Work to be completed:
Pictures are to be left out. Copy exactly, and only, the lines from the start of the entries below to the line with "This format delivers", both included.

Exercise materials:
>>>
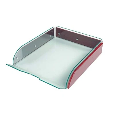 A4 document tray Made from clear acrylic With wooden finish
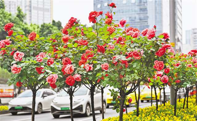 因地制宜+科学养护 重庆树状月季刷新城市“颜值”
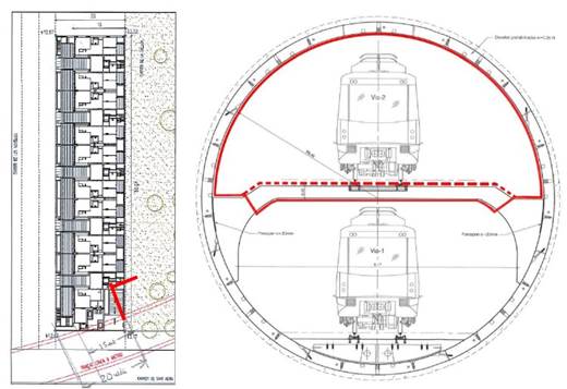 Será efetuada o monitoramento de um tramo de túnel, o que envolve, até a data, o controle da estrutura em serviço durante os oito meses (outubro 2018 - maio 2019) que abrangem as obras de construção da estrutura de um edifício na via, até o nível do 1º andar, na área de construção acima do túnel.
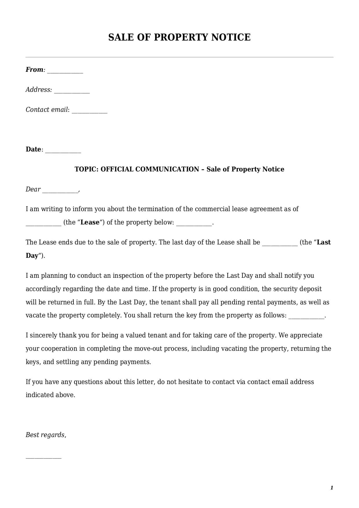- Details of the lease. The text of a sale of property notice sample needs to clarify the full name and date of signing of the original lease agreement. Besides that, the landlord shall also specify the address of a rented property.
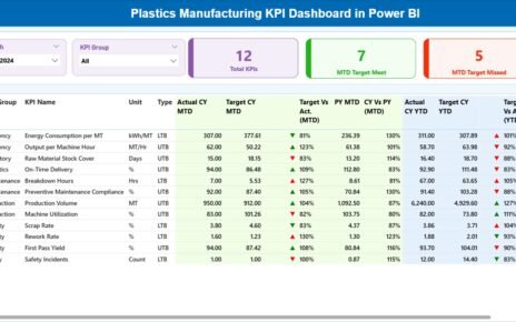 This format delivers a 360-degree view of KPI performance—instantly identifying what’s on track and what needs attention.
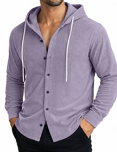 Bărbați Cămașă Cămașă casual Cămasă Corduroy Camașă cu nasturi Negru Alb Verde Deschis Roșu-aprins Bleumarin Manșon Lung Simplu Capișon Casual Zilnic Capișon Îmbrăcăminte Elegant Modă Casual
<<<
Exercise solution:
 A4 document tray Made from clear acrylic With wooden finish
 因地制宜+科学养护 重庆树状月季刷新城市“颜值”
 Será efetuada o monitoramento de um tramo de túnel, o que envolve, até a data, o controle da estrutura em serviço durante os oito meses (outubro 2018 - maio 2019) que abrangem as obras de construção da estrutura de um edifício na via, até o nível do 1º andar, na área de construção acima do túnel.
- Details of the lease. The text of a sale of property notice sample needs to clarify the full name and date of signing of the original lease agreement. Besides that, the landlord shall also specify the address of a rented property.
 This format delivers a 360-degree view of KPI performance—instantly identifying what’s on track and what needs attention.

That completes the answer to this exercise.